Malaysia is experiencing something similar to multiple personality disorder. She wears different caps at different times, being described differently by different people. Many of us are convinced who she is but Malaysia herself is confused of who she is. After so many years, the debate on Malaysian identity still rages. This by itself however is not a reason for worry because 50 years, or rather 44, for any country is a rather short time length. We, Malaysians, as a society are still searching and forming our identity.

Evidences that we as a society, like a teenager, are still looking for our own unique identity are aplenty. The debate whether Malaysia is an Islamic or a secular state is one clear indication of such searching. The unconvincing answer given by the Prime Minister on the same issue, perhaps flip-flopping along the way, only strengthens such perception. Then there is the matter surrounding the age of Malaysia; are we 50 or 44 years old? And no less but forgotten, the issue surrounding Malacca and Srivijaya.
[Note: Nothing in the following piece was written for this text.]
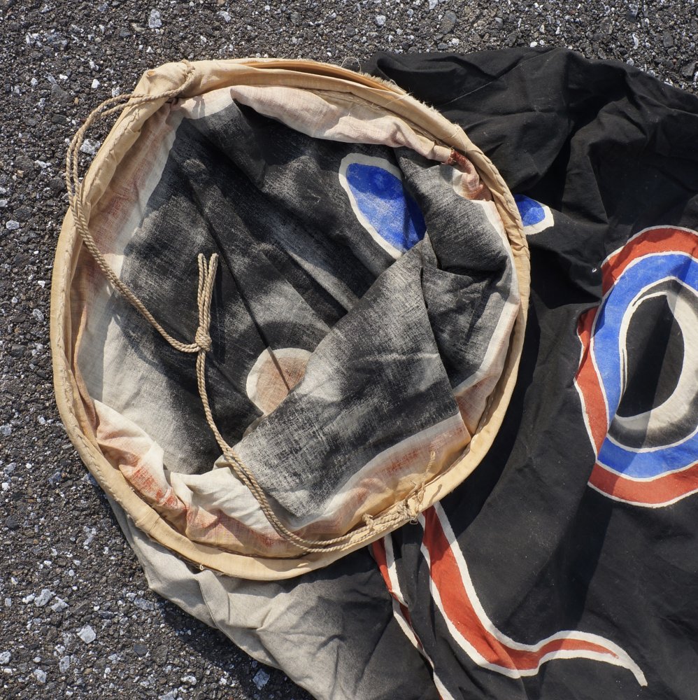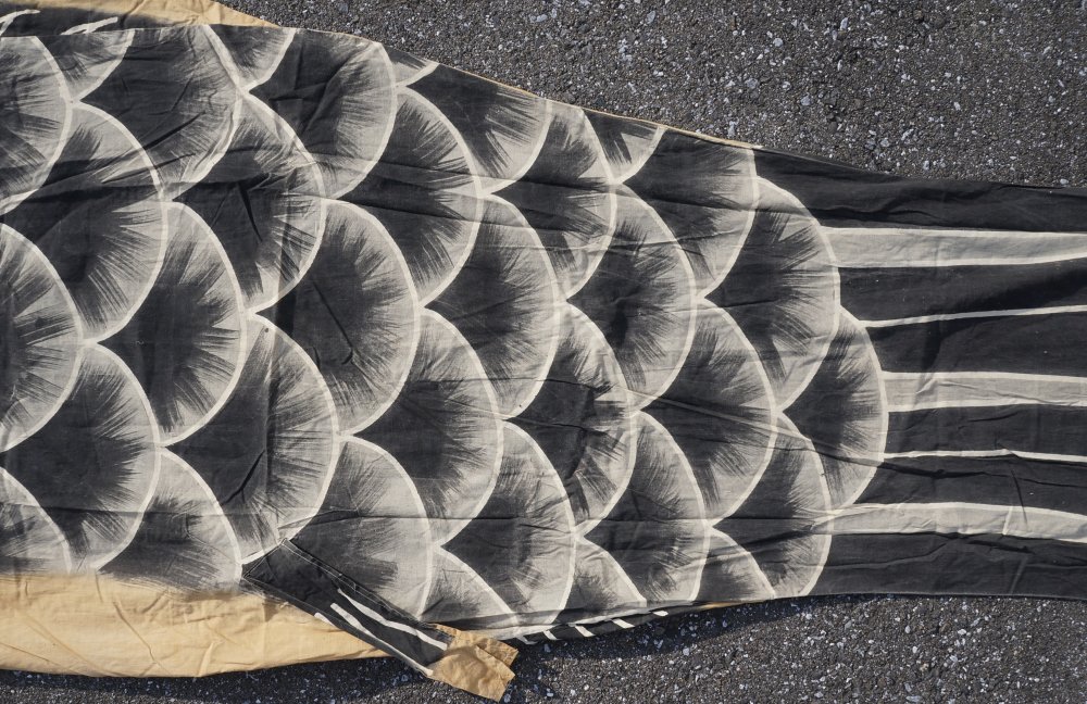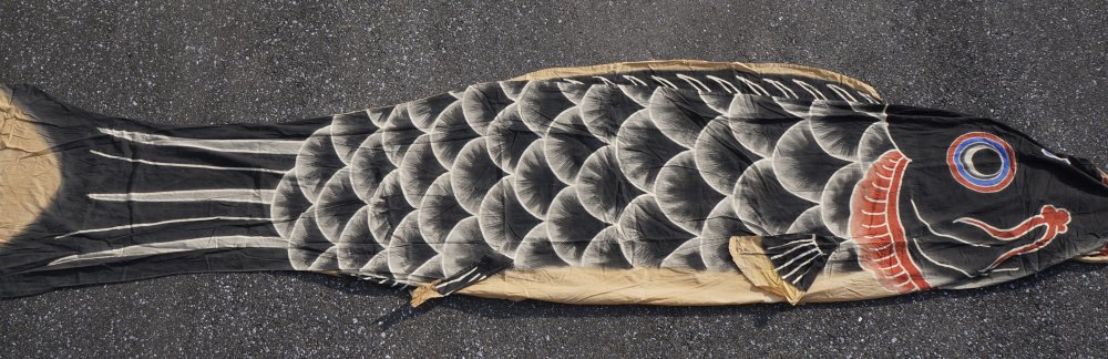 Vintage Japan giant Koi carp kite 1950 Japanese rural craft Koinobori wind art Kuro

Our goals themselves are unclear. Are we striving to be a monocultural or a multicultural society? Are we working toward a color blind community or a society extremely conscious of our difference in skin color, belief or simply background? Are we looking for an assimilationist or diverse society?
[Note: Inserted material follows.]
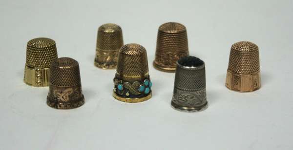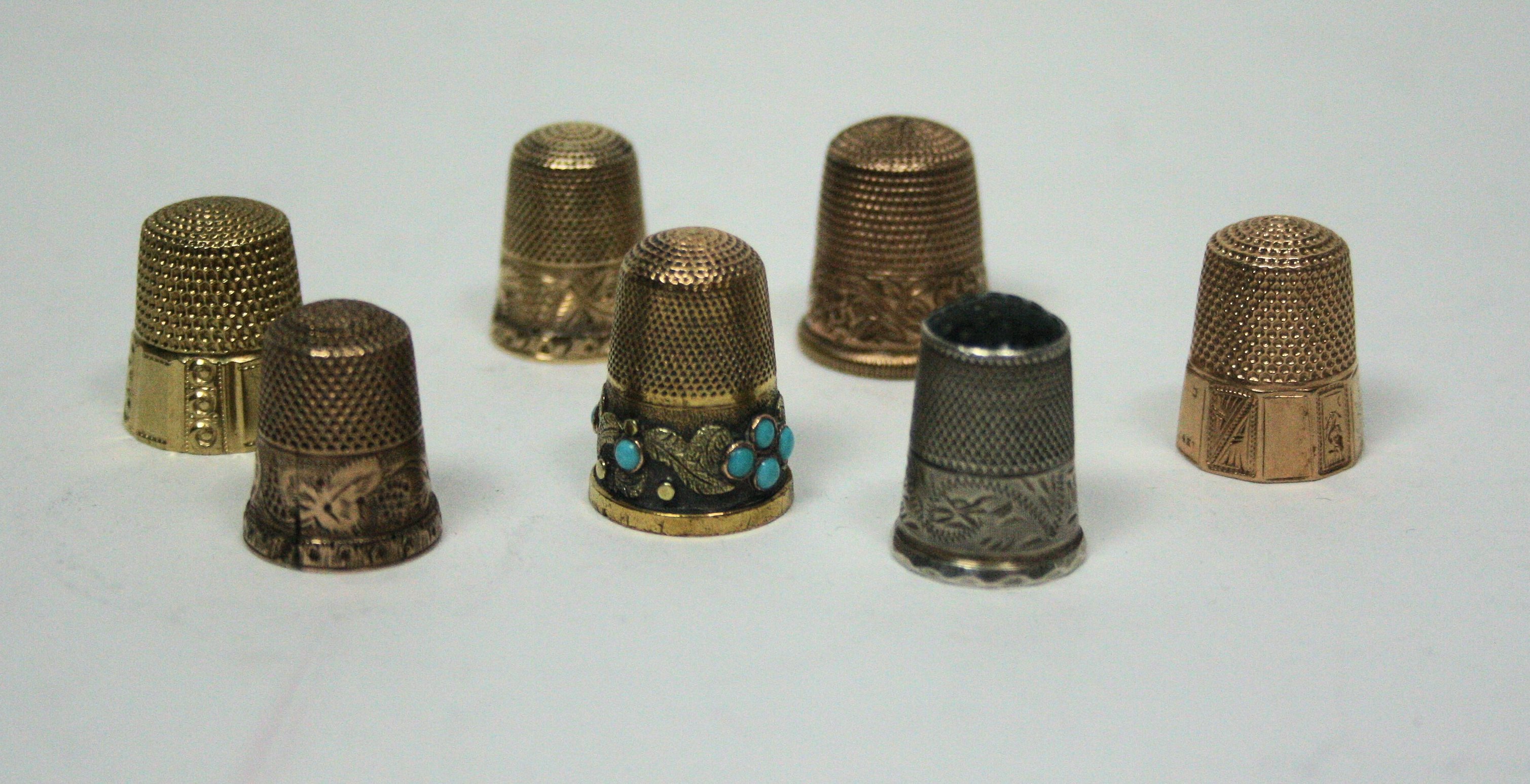 all in yellow metal and unmarked, one set with turquoise cabochons; together with a white metal example (7)

There are people, many in fact, that feel strongly about one thing or another. I myself preferring a liberal society but the truth is, there are approximately 27 million Malaysians and none are able to completely convince the others, enough of the others of their own vision. There are competing perceptions of current state and visions among the society and the debate on it is alive; emotional, even.

Those in power are worried at the ferocity of very public debates and tried to shut it down. The Prime Minister has given out order for the public not to discuss the issues anymore but he is powerless as civil society eagerly tries to claim a role in the society, testing the waters for larger liberty.

Some shrugged off these debates as cosmetics, irrelevant and unimportant. The issue of the age of Malaysia for instance has far larger consequence than mere cosmetics and semantics however. The question on the age of Malaysia so deeply entrenched inside down so many pressing issues that too many people fail to see how greatly this question ranks in importance. Who are we? Malaya or Malaysia? Issues on the surface alas receive greater attention than items so fundamental such as Malaysian identity, if one subscribes to the idea of nation state. If such fundamental question left unanswered, shrugged off as something of unimportance, trivial, I say dream not of coherent Malaysian identity, be it Malaysian nation or anything else. The concept of Malaysian nation requires justification and at the moment, it is left unjustified to a certain extent, unless it answers the question of who are we.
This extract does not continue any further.